■ **ACTIVITY**: Reproduce word for word the lines of the listing from the first one through the one with "Buddha PhraGring is", omitting every picture.

■ **DATA TO EXAMINE**:
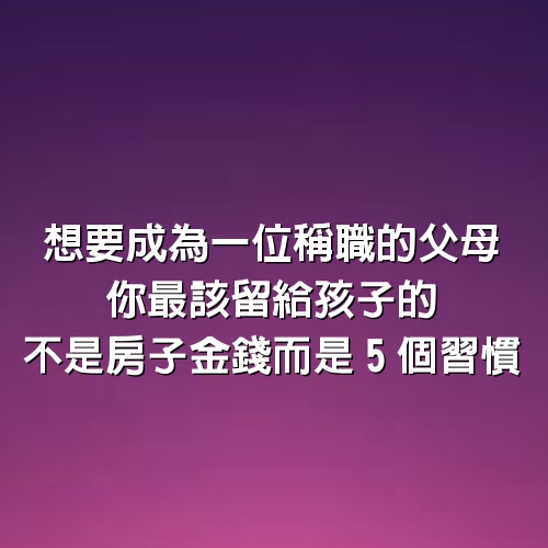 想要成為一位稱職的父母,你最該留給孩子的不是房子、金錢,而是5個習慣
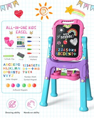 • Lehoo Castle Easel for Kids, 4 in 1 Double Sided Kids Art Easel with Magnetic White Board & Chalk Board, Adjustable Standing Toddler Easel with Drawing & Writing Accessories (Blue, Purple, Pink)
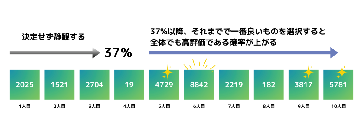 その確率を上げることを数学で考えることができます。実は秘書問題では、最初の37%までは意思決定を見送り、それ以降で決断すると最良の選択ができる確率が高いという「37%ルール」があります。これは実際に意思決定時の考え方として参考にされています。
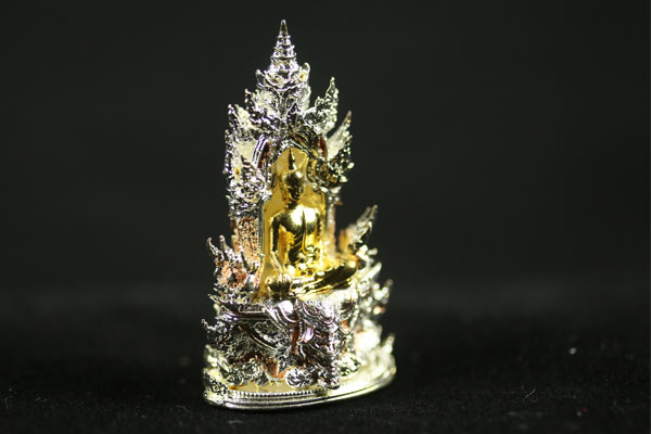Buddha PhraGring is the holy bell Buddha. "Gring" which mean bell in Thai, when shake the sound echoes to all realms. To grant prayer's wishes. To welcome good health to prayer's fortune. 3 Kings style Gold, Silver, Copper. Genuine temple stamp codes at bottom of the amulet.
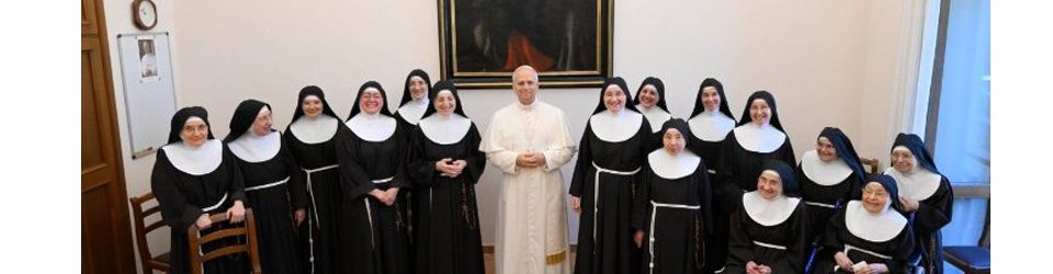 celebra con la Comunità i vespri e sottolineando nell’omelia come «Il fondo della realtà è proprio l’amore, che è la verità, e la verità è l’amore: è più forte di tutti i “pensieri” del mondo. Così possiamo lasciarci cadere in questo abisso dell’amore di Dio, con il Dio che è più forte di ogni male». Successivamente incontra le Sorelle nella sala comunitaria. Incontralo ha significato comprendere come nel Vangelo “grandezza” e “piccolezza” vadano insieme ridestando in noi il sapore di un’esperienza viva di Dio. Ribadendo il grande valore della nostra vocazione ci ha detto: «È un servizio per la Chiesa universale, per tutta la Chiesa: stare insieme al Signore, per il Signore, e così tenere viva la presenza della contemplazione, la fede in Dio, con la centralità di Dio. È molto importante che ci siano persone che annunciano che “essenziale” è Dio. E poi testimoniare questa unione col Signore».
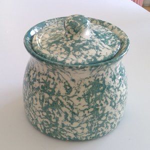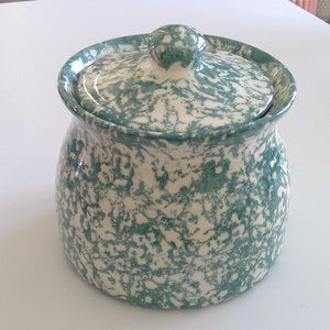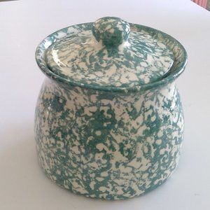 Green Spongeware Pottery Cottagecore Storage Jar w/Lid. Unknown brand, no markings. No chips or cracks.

■ **OUTPUT OF THE EXERCISE**:
 想要成為一位稱職的父母,你最該留給孩子的不是房子、金錢,而是5個習慣
 • Lehoo Castle Easel for Kids, 4 in 1 Double Sided Kids Art Easel with Magnetic White Board & Chalk Board, Adjustable Standing Toddler Easel with Drawing & Writing Accessories (Blue, Purple, Pink)
 その確率を上げることを数学で考えることができます。実は秘書問題では、最初の37%までは意思決定を見送り、それ以降で決断すると最良の選択ができる確率が高いという「37%ルール」があります。これは実際に意思決定時の考え方として参考にされています。
Buddha PhraGring is the holy bell Buddha. "Gring" which mean bell in Thai, when shake the sound echoes to all realms. To grant prayer's wishes. To welcome good health to prayer's fortune. 3 Kings style Gold, Silver, Copper. Genuine temple stamp codes at bottom of the amulet.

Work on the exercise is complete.